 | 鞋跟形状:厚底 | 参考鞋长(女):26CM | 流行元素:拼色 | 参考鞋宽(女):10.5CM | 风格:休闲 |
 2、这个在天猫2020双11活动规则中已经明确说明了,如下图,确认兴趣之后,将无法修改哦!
◆ ◆ ◆ ◆ ◆
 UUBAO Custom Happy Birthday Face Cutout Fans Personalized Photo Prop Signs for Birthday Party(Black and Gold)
◆ ◆ ◆ ◆ ◆
= What to work on =
Please return only the lines above, starting at the line that has "参考鞋宽(女):10.5CM | 风格:休闲 |" and ending at the line that has "2、这个在天猫2020双11", keeping both and leaving each one unchanged.

= Exercise response =
 | 鞋跟形状:厚底 | 参考鞋长(女):26CM | 流行元素:拼色 | 参考鞋宽(女):10.5CM | 风格:休闲 |
 2、这个在天猫2020双11活动规则中已经明确说明了,如下图,确认兴趣之后,将无法修改哦!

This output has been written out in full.